Sounds like internet increased our ability to coordinate on destroying things and people. (Also to coordinate on doing useful things, but not that much, because we already had some mechanisms for that.)
An example for the light side of online coordination would be Kickstarter, and the obvious example for the dark side would be Twitter. Twitter can probably destroy orders of magnitude faster than Kickstarter can build.
This strongly clicked for me. It feels like there is more to say around this (and I don’t know what / don’t know how to say it yet), but this feels like part of the puzzle.
[Added:] Actually, perhaps it seems even more central to me that it feels like the same thing that has made people think there are no good people to look up to also has made have a decreased sense of looking up to institutional cultures.

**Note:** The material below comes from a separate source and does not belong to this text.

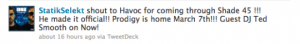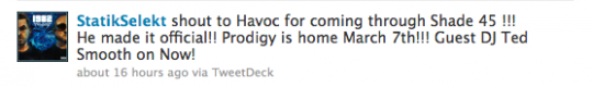 7 marca Prodigy wychodzi na wolność. P aktualnie odsiaduje wyrok 3 lat pozbawienia wolności za nielegalne posiadanie broni. Poniżej możecie zobaczyć wpis z Twittera Statik Selekta, który prowadził wyżej wymienioną audycję.
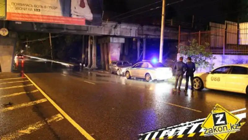 В Алматы водитель BMW 5-ой серии не справился с управлением и врезался в опору ж/д моста, сообщает корреспондент Zakon.kz.

Like, my inner simulator imagines that people joining the NYT look up less to the existing institutional culture than in previous generations, in ways that are bound up with looking up less to the existing staff.
jsalvatier’s answer also clicks and feels relevant.
By contrast, this feels to me like a different question: I don’t think the stable, cooperative institutions of old were all that good at “not simply playing your role”. It would be great to have a new kind of institution that is good at both of these, and it seems conceivable that this is part of the puzzle about how to build stable cooperative institutions at all in our times, but my guess is that it’s not a big part of the answer to where these institutions used to come from.
Thank you for letting me know :)
(I will move my comment to an answer, given that it’s seemed to be helpful.)
I feel this too.
About many traditions.
Let me posit some statements:
people exist in plurality-relevant numbers who feel very strongly that we should Have Traditions(tm) to reinforce what we value.
historical groups valued what they valued. when they didn’t, they tend to war about it. they took actions which made sense at the time to support their values, and the common useful ones solidified into traditions.
borders between communities start to dissolve. Every culture bleeds into the others, and this shifts values. Not entirely, and not uniformly. A bunch of traditions now almost fit, or only fit part of the community.
You won’t get far if you try to create new traditions now; you can’t maintain distance from the rest of the mishmash long enough for differences approaches to evolve and solidify.